リリアーヌはちらりとそれを見下ろし、指が本の表紙を強く握りしめた。「わからないわ
「セラの声は鋭かったが、不親切ではなかった。彼女は歩みを止め、リリアンに向き直った。「明らかに重要よ。王国を滅ぼすほど重要なことなんです」。
リリアンはためらった。実のところ、彼女はその本が本当は何なのか知らなかった。それを見たとき、記憶の断片が浮かんできただけだった。声のささやき、見たことのない場所のぼやけたイメージ、見覚えのない名前。しかし、どれも意味をなさない。まだ。
「何だかわからない」リリアンは優しく繰り返した。「でも...危険よ」
セラはしばらく彼女を観察した後、満足そうにうなずいた。「いずれわかるわ。でも今は、移動し続ける必要がある。ここは安全じゃない
リリアンは再び彼女の後を追ったが、本のことが頭から離れなかった。危ない。それは控えめな表現だった。冷たく脈打つエネルギーが彼女を手招きしているようだった。彼女は身震いし、前方の道に集中することを余儀なくされた。
「どこへ行くの?リリアンは囁くような声で尋ねた。
セラはすぐには答えず、何かを探すように、あるいは誰かを探すように、周囲の木々を見回した。「この近くにあるのよ。「ずっと昔に廃村になった古い村よ。そこなら誰にも見つからないわ」。
リリアンはうなずいたが、また忘れられた廃墟に入るのかと思うと不安になった。それでもセラを信じるしかなかった。結局のところ、彼女は自分を救ってくれたのだ。

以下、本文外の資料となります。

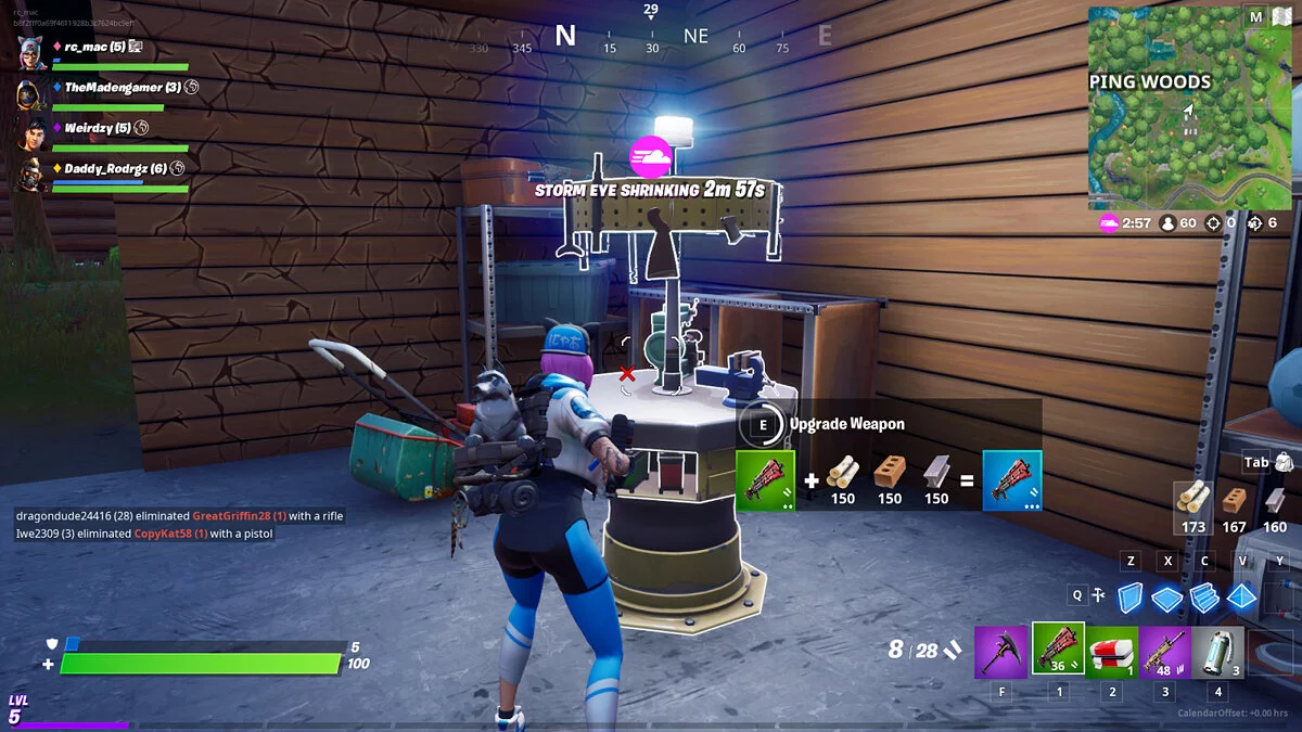 - У кирки в PC-версии Fortnite появилась собственная горячая клавиша — F — так что теперь не придется её назначать каждый раз.

太陽が地平線に沈み、崩れかけた建物に長い影が落ちるころ、彼らは村に到着した。そこは忘れ去られたような小さな場所で、雑木林の中に石造りの家屋がわずかに残っているだけだった。つる植物と苔がほとんどの建物を飲み込み、空気は湿った土と腐敗の匂いで充満していた。壊れたテーブルや椅子が散乱していることから察するに、かつて集会場だったのだろう。屋根は一部崩れていたが、少なくとも避難所にはなっていた。
「今夜はここで休もう」セラは入り口近くに荷物を置いて言った。
リリアンはうなずき、壁際の場所を見つけて地面に体を下ろした。何時間も歩いたので足が痛くなり、疲労の重みが押し寄せてくるのを感じた。しかし、眠りはなかなか訪れなかった。目を閉じるたびに、悲鳴、炎、破壊、燃え盛る首都の映像が脳裏をよぎった。彼女はそれを止めることができなかった。さらに悪いことに、さっきの声...逃げる前に彼女にささやいた声だ。それはまだそこにあり、彼女の心の端に残っていた。
「またやっているのか」その声は冷たく、あざ笑うように言った。「逃げている」
リリアーヌは目をぱちくりと開け、浅い息を吐きながら立ち上がった。本が横に置かれ、彼女は本能的に手を伸ばし、その指が擦り切れた革の表紙に触れた。
「やめて」。セラの声が静寂を切り裂き、彼女を驚かせた。リリアンが顔を上げると、セラが部屋の反対側から彼女を見ていた。
「私は...私は...」 リリアンは自分が何を言おうとしているのかわからず、口ごもった。
セラはため息をついて立ち上がり、部屋を横切って彼女の横に座った。「あの本は危険よ、リリアン。あの本は危険よ、リリアン。あなたに影響を及ぼしているのよ」。
リリアンは唇を噛み締め、胸のパニックが高まるのをこらえた。認めたくはなかったが、セラの言うとおりだった。彼女もそれを感じていた......本の引力、それが彼女にささやきかけ、嘲笑う様を。それを無視するのは難しくなっていた。
「どうしたらいいかわからない」リリアンは声を震わせながらささやいた。
セラはしばらく黙っていたが、リリアンの肩に手を置いた。「一人じゃないわ。「一緒に考えましょう。
その言葉はシンプルだったが、リリアンにここ数日感じたことのない穏やかさをもたらした。彼女は頷き、恐怖心が少し和らいだ。今はそれで十分だった。
夜が深まるにつれて寒さが増し、リリアンは外套をきつく羽織った。セラは壁に背中をつけ、腕を組んだまま眠ってしまったが、リリアンは目を覚ましたまま、壁の揺らめく影を見つめていた。
リリアンは再び本に手を伸ばした。本を開きたい衝動に駆られたが、彼女は無理矢理引き離し、マントの下に埋めた。
「もう逃げない」と彼女は自分に言い聞かせるようにささやいた。
外では風が強くなり、木々の間を、彼女を悩ます声の遠いこだまのように吠えていた。そしてリリアンは初めて、本当の危険は本の中にあるのではなく、自分の中にあるのではないかと考えた。